Now this is the first real caution I have. Between the metrics and the logs, we can get a really good idea of what types of errors are happening. But this doesn’t mean that every error should be investigated. With cloud computing solutions, there’s a certain amount of “transient” errors that are simply to be expected. It’s only if you see a prolonged, or persistent issue that you’d really want to dig into the errors in any real depth. One key indicator is to look at the logging metrics and keep an eye on the availability. If it falls below 99.9%, that means there may have been an SLA violation for the storage account. In that case, I’d take a look at the logs for that period and see what types of errors we saw. As long as the issue wasn’t caused by a spike in throttling (meaning we overloaded the system), there may be something worth having support look into. But if we’re at 99.999%, with the occasional network failure, timeout, or ‘client other’, we’re likely just seeing the “noise” one would expect from transient errors as the system adjust and compensates for changes to its underlying fabric.

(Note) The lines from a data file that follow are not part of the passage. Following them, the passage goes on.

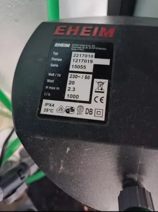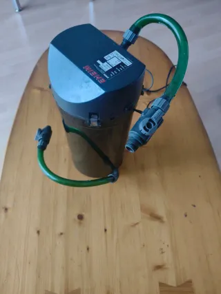 Filtro externo para acuarios de la marca Eheim. Diseñado para mantener el agua limpia y saludable. - Color negro. - Asa superior para facilitar el transporte. - Manguera y enchufe incluidos. - Sólo que el calentetador se me estropeó el camble y lo corté por lo demás funciona todo perfecto y unos de los clip lo perdi limpiando el filtro.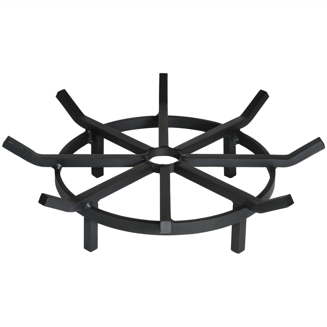 The Super Heavy Duty Wagon Wheel Grate series is built from 3/4 inch thick square-bar steel for extreme durability. Their innovative wheel-and-spoke shape lifts firewood off the ground to improve airflow to the fire while the flared tips help contain logs safely on top of the grate.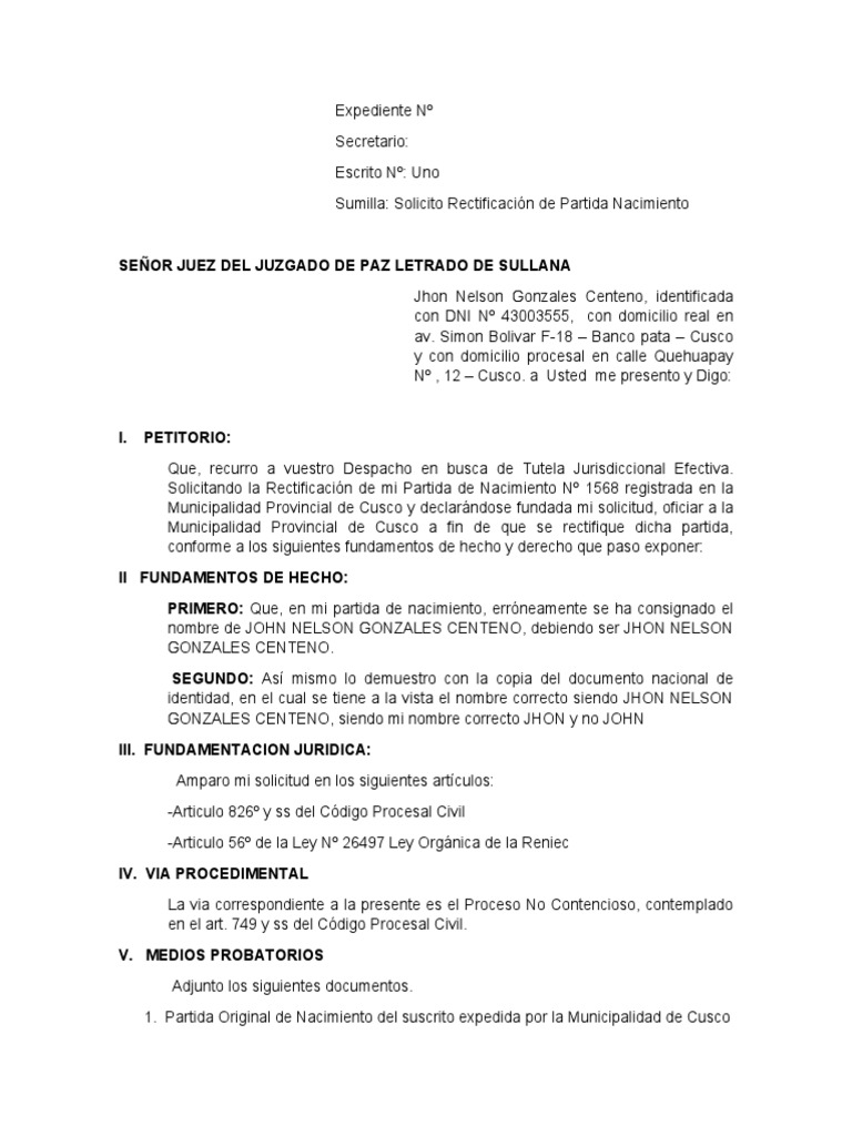 Sumilla: Solicito Rectificación de Partida Nacimiento
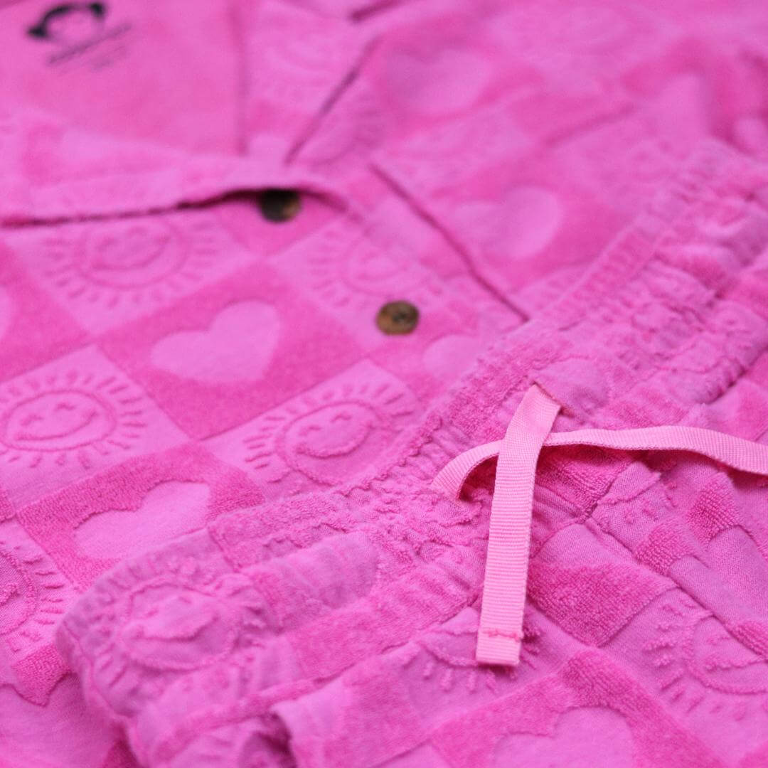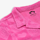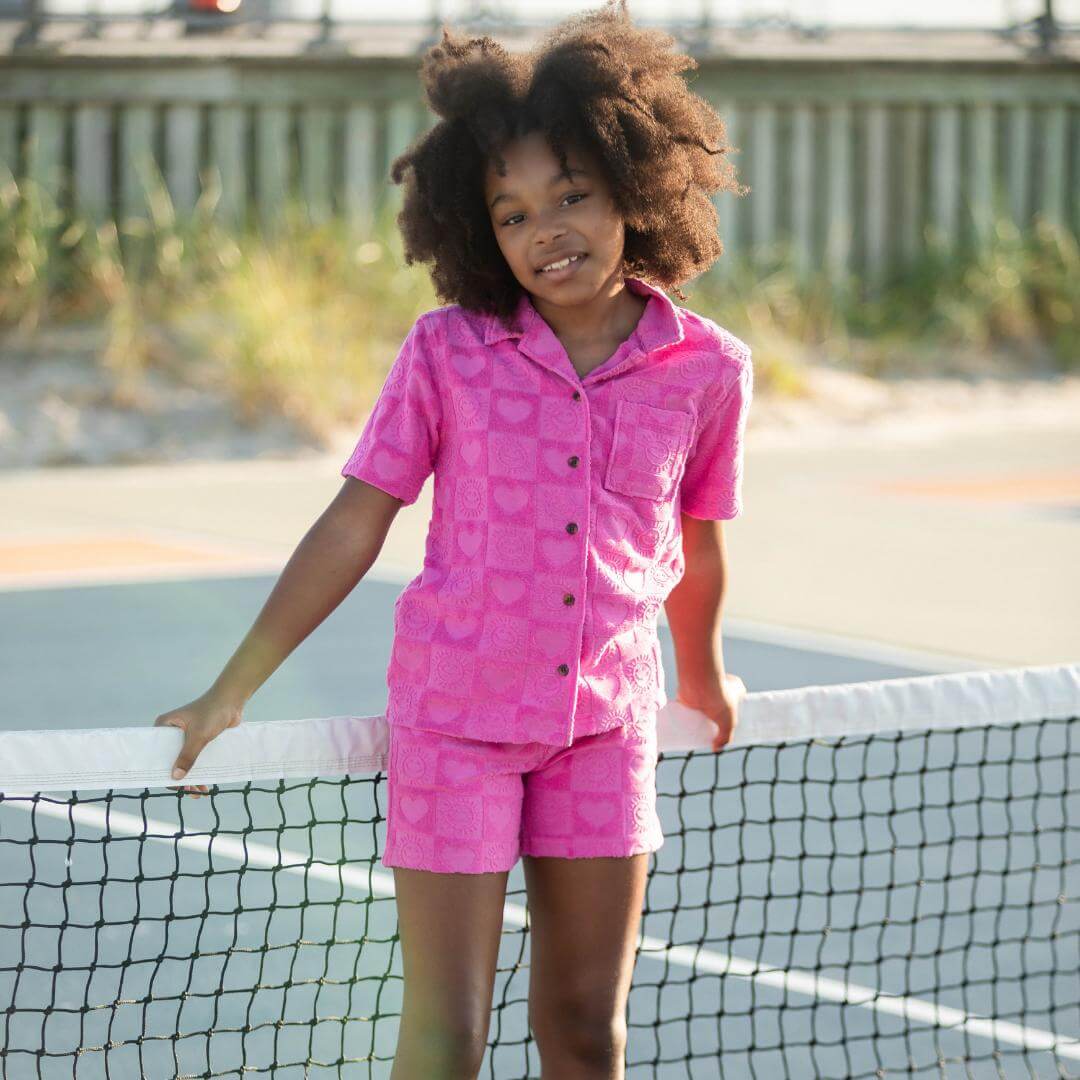 Brighten up her wardrobe with our charming pink resort shirt adorned with playful heart patterns! Crafted from high-quality, breathable fabric, it offers all-day comfort and style. Perfect for sunny days at the beach or casual outings, this versatile piece pairs effortlessly with shorts or skirts, making it a must-have for every little trendsetter! Pair with the Girls Resort Shorts in Fuchsia to complete the matching set!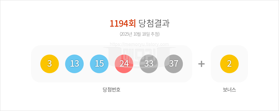 이번 1194회 로또 당첨번호는 3 13 15 24 33 37이며, 보너스 번호는 2입니다. 로또 당첨번호 6개를 모두 맞추시면 1등에 당첨되며, 5개의 번호와 보너스 번호를 맞추시면 2등에 당첨됩니다.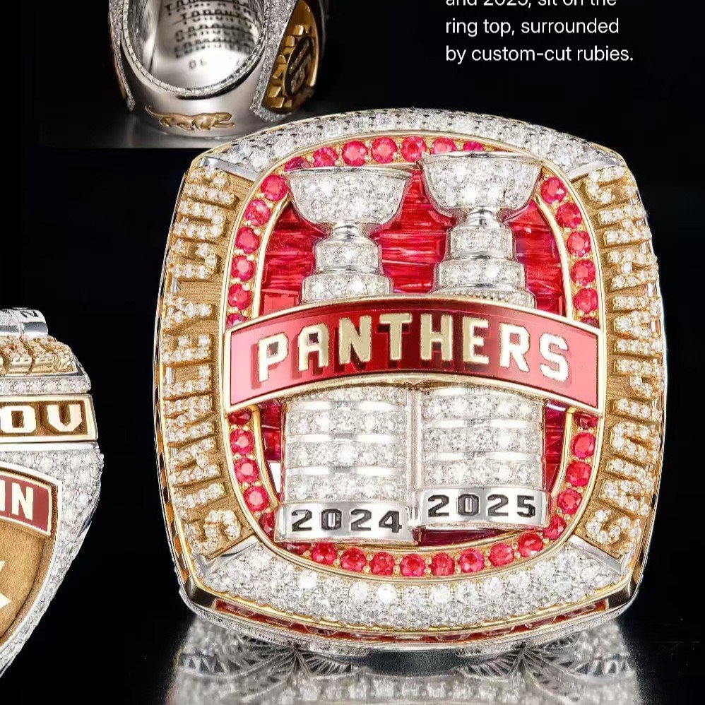Honor the Florida Panthers’ 2024 and 2025 Stanley Cup victories with this stunning replica championship ring — a masterpiece designed for true hockey fans and collectors. Featuring a dual trophy design, detailed engravings, and hundreds of brilliant stones, this ring is a bold tribute to the Panthers’ back-to-back titles.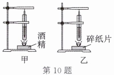10. 小明学习燃料的热值之后,自己设计一个实验来探究酒精和碎纸片的热值大小,实验装置如图所示。
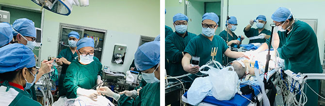 周成斌主任为爆发性心肌炎患儿进行ECMO插管(左图),和术后心脏超声评估(右图)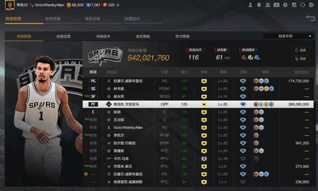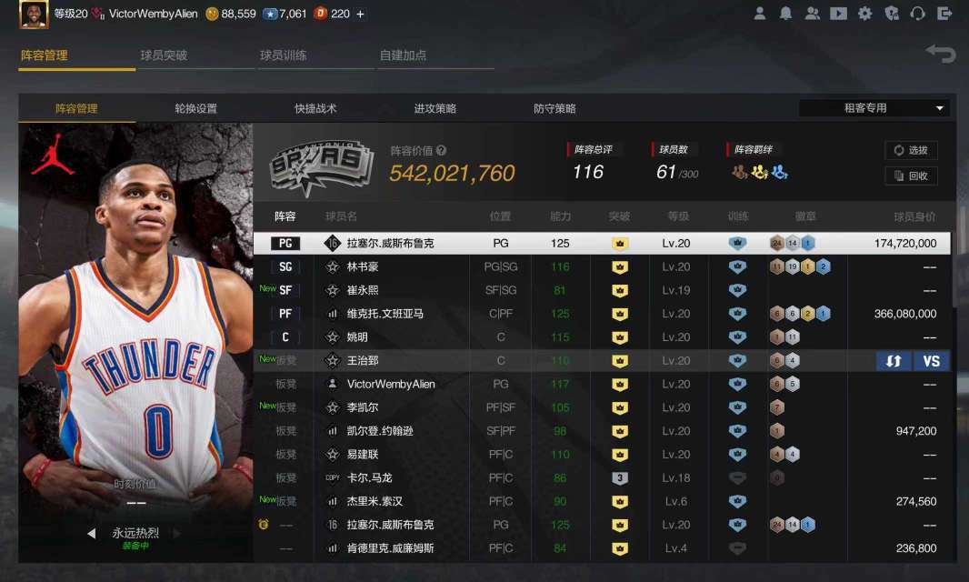 装备描述:【重要!!兄弟们体验完了,可以在评价留下言,想玩啥球星,我账号会按兄弟们的要求定期换一批球星!兄弟们的评价很重要,感谢大家~恶意退俱乐部违规者已通过平台封禁其支付账号,请各位注意违规后果。 租号就是图一个开心~遵守规则对大家都好,该号价值上万,已报北京市学院路派出所备案,一旦有账号异常、乱用月券、退俱乐部、导致封禁、立刻由警方立案,请不要冒法律风险,您的信息都在后台全程监管。】【【【租号的兄弟看清楚了,禁止强退扣除信誉积分,被扣除后平台后扣除你的租金!!!】】】最低价极品内线体验号,超多球星,各种满突悍将,可排位,各种街头悍将,适合车队~极品体验!!!10件衣服,热火火箭骑士复古球衣、满图自建篮板C、11个满特训!!几十个满图球星!!!满突文班亚马,满图时刻威少威斯布鲁克、满自建篮板C、等等,另有多个复刻球星基德、马龙、庄神,低价格,极品享受!欢迎体验!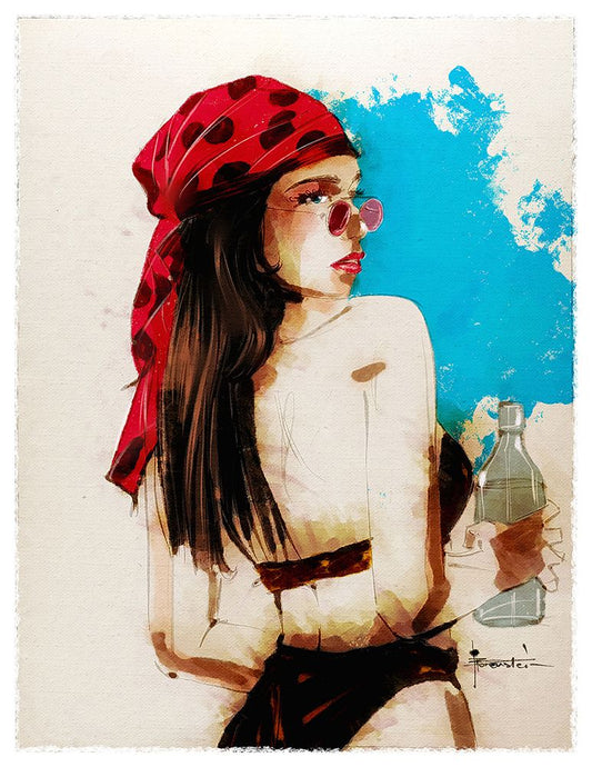 38 Parrot Girl White Modern Wood Framed Art Print with Double Matting by TMBorenstein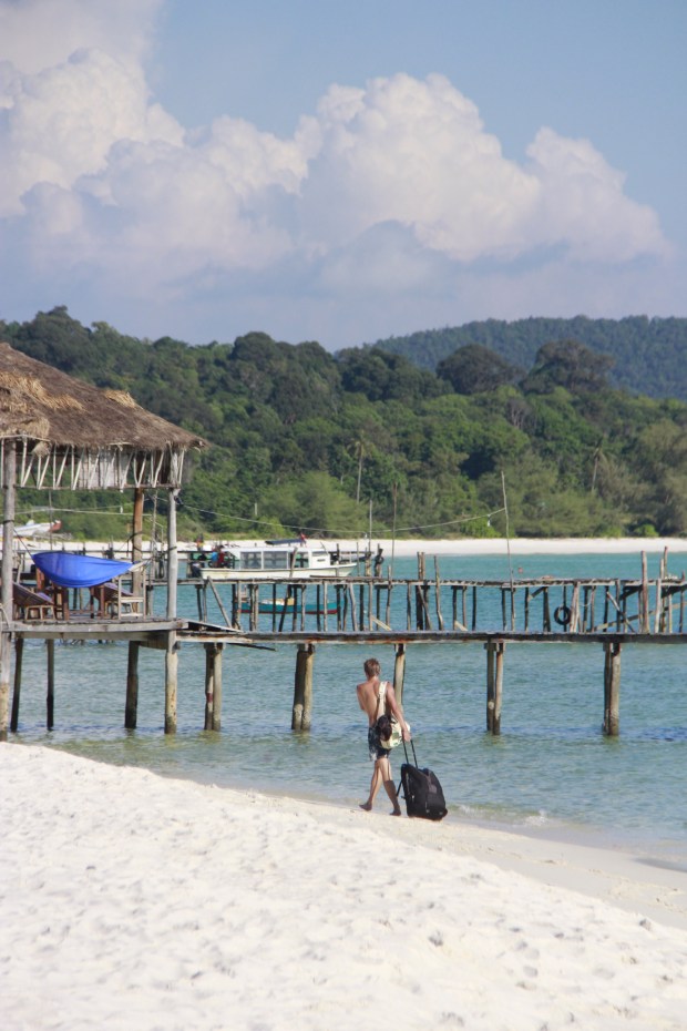 People staying there had two choices to arrive: taxi boat or a big trek in the jungle from the other side of the island, from the main pier. That’s when we saw this cute guy rolling his luggage on the beach.

Now since we’re doing benchmarking tests, there’s one other key thing I look at. The number of operations that are occurring on the blobs that are the various disks mounted into our virtual machine. This is another task where Excel can help out, by adding subtotals. Adding subtotals requires column headings so this is the part when you go “thank you Brent for making it so I just need to copy those in”. You’re welcome. J
The field we want to look at in the logs for our subtotal is the “requested-object-key” field. This value is the specific option in the storage account that was being access (aka the blob file or disk). Going again to the Data tab in Excel, we’ll select “subtotal” and complete the dialog box as shown at the left. This will create subtotals by object (disk) and allow us to see the count of operations against that object. So what we have is the operations performed on that disk during the time period covered by the log file. Using that value, we can then get a fairly good approximation of the “transactions per second” that the disk is generating against storage.
So what did we learn?
If you are doing IO benchmarking of the virtual machine (as I was), you may notice something odd. We observed that our Linux/Oracle Vm was reporting IOPS far above what we saw at the Windows Azure Storage level. This is to be expected because Oracle is trying to help buffer requests itself to increase performance. Add in any disk buffering we may have enabled, and the numbers could skew even further. Ultimately though, what we did establish during out testing was that we knew for certain when we were overloading the Windows Azure storage sub-system and contributing to server slowdowns that way. We were also able to observer several small instances where Oracle performance trailed off somewhat and that these were due to isolated incidents where we saw an increase in various errors or in end to end operation latency.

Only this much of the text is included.